◆ The data
☆ ☆ ☆ ☆
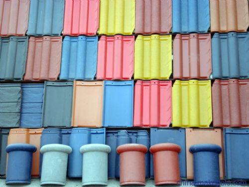 彩瓦的全稱是彩色混凝土瓦或彩色水泥瓦,即主要構成物質是混凝土。傳統的水泥瓦是用干硬性混凝土經過滾壓成型的瓦,這種水泥瓦在強度、承載力、瓦型等方面均達不到人們的要求。后來人們在傳統的水泥瓦生產工藝的基礎上加以改造,采用模具,經過高壓壓制而成的瓦,它在上述各方面的性能大大得到改進。
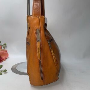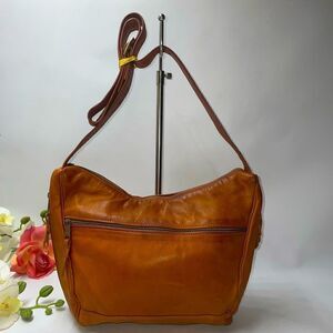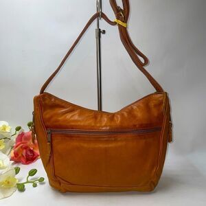 Vintage Forest Leather Shoulder Bag Camel Medium
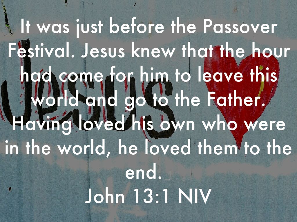 It was just before the Passover Festival. Jesus knew that the hour had come for him to leave this world and go to the Father. Having loved his own who were in the world, he loved them to the end.」 John 13:1 NIV
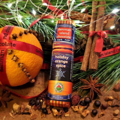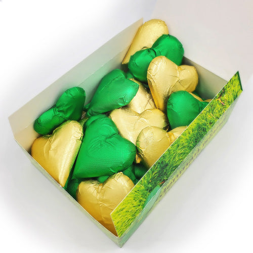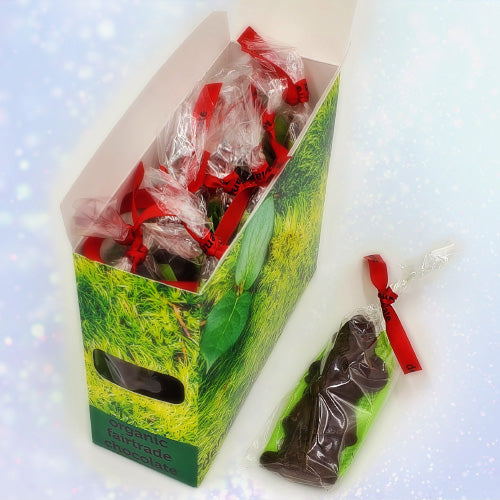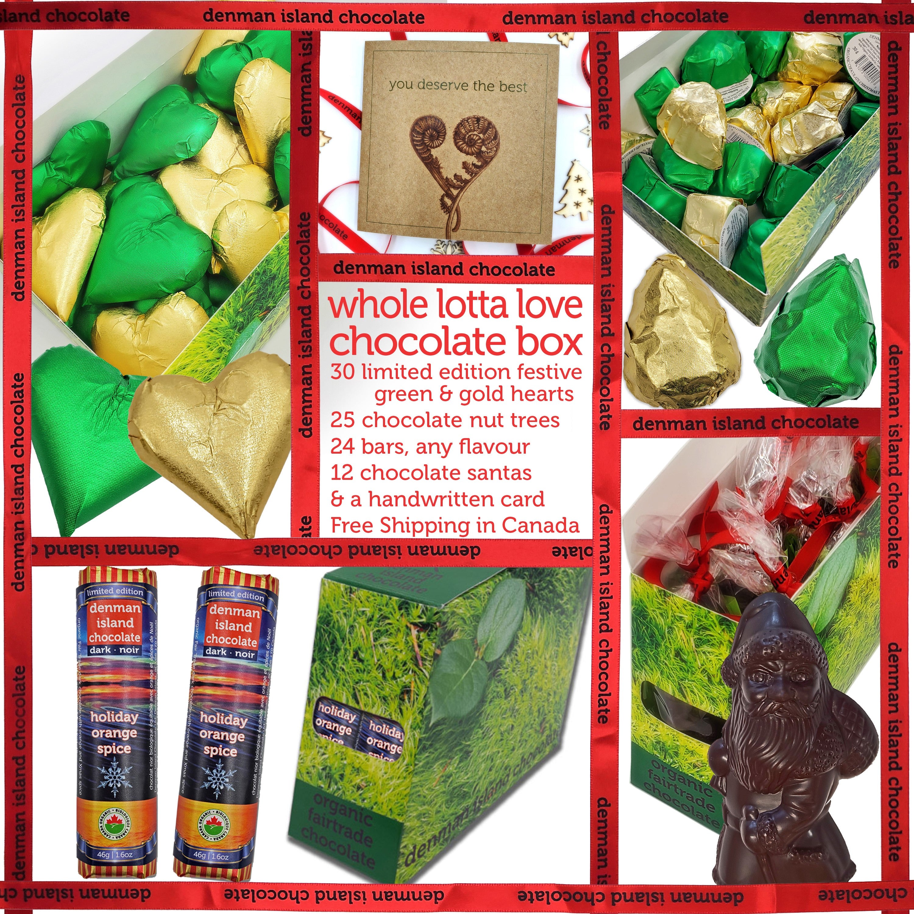 Our biggest box of chocolate love. Stocking stuffers and gifts for all, for when you have a whole lotta love to give. Stock up on ALL our limited edition seasonal specialties, while supplies last. A full case of each: 30 hearts in festive gold and green foil, 25 chocolate Brazil nut trees, 24 seasonal Holiday Orange Spice bars (or bar flavour of your choice), 12 chocolate Santas, and the option of a card with a handwritten note. If this is a gift, please include your message for the card in the comments section of your shopping cart. Always organic, vegan, fair trade and gluten-free. This chocolate box ships free to any address in Canada.
☆ ☆ ☆ ☆
◆ Work task
The required output is every line from the beginning of the material above through the line with "Vintage Forest Leather", exact and without pictures.

◆ Response below
 彩瓦的全稱是彩色混凝土瓦或彩色水泥瓦,即主要構成物質是混凝土。傳統的水泥瓦是用干硬性混凝土經過滾壓成型的瓦,這種水泥瓦在強度、承載力、瓦型等方面均達不到人們的要求。后來人們在傳統的水泥瓦生產工藝的基礎上加以改造,采用模具,經過高壓壓制而成的瓦,它在上述各方面的性能大大得到改進。
 Vintage Forest Leather Shoulder Bag Camel Medium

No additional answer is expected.